AI’s revolutionary impact on industrial manufacturing
Companies are entering a new revolution that changes the way original equipment manufacturers (OEMs) approach manufacturing with the rise of artificial intelligence (AI).
Artificial intelligence (AI) insights
- The rise of artificial intelligence (AI) has companies are entering a new revolution that changes the way original equipment manufacturers (OEMs) think about and approach manufacturing.

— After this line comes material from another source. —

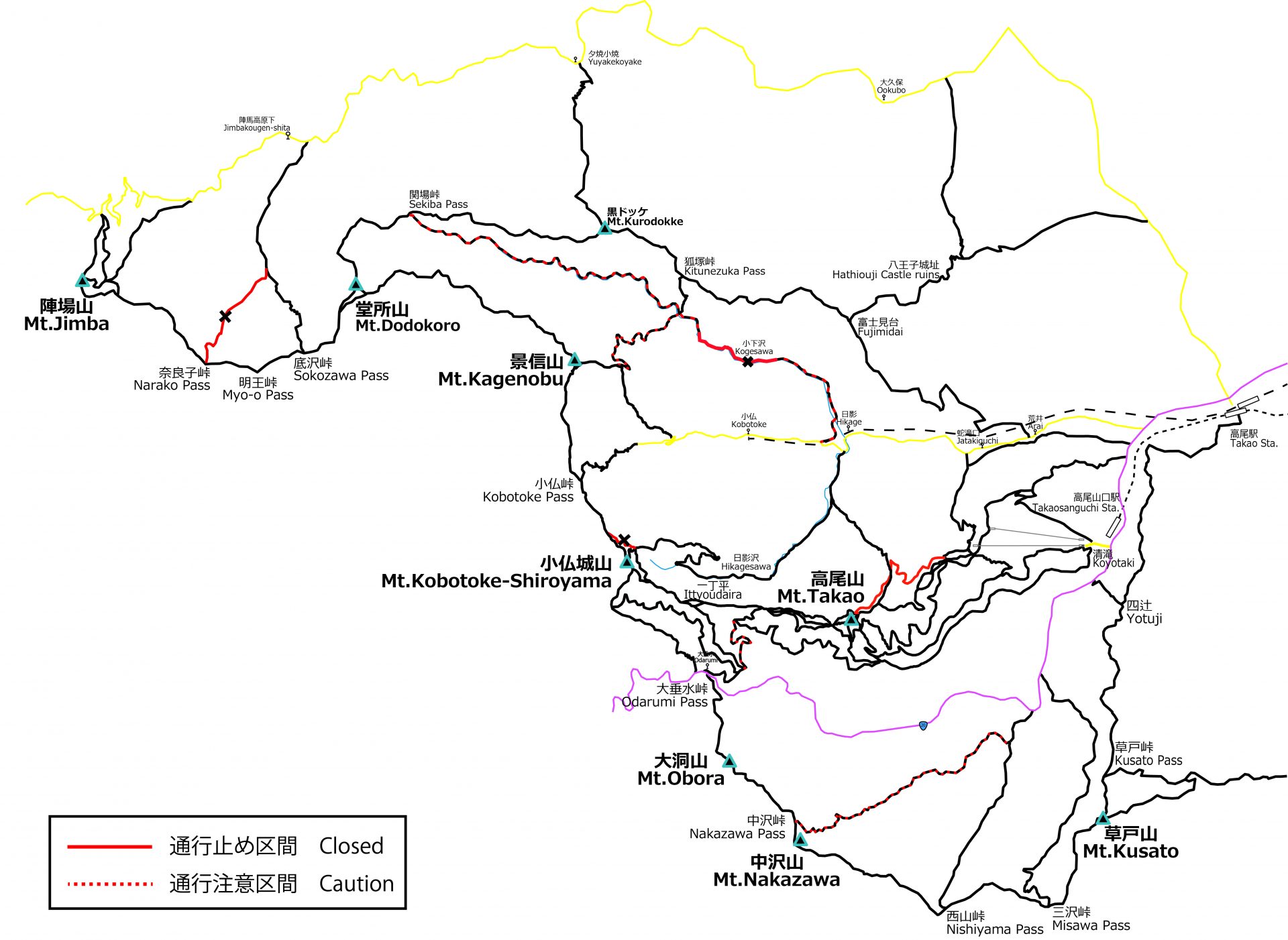 みやま橋付近で倒木が発生しましたので、4号路は通行止めとなります。
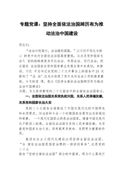 专题党课:坚持全面依法治国踔厉有为推动法治中国建设

- While AI’s role is growing, many companies are struggling to find out what, exactly, that role is and how it can help companies. It’s been a growing challenge and will continue to be at the forefront, particularly as it becomes more mainstream in a general sense.
The industrial revolution has been a key driver of efficiency across industrial manufacturing over the last century. However, with the increasing digitalization of industrial equipment and the rise of artificial intelligence (AI) in the shop and on the factory floor, companies are entering a new revolution that changes the way original equipment manufacturers (OEMs) think about and approach manufacturing.
Siemens, for instance, uses AI to improve the operational efficiency and product quality of its machines. The savings in both time and resources has been significant.
“There’s a lot of data already available from machines without the need for additional sensors,” said Bernd Raithel, director of marketing/product management at Siemens.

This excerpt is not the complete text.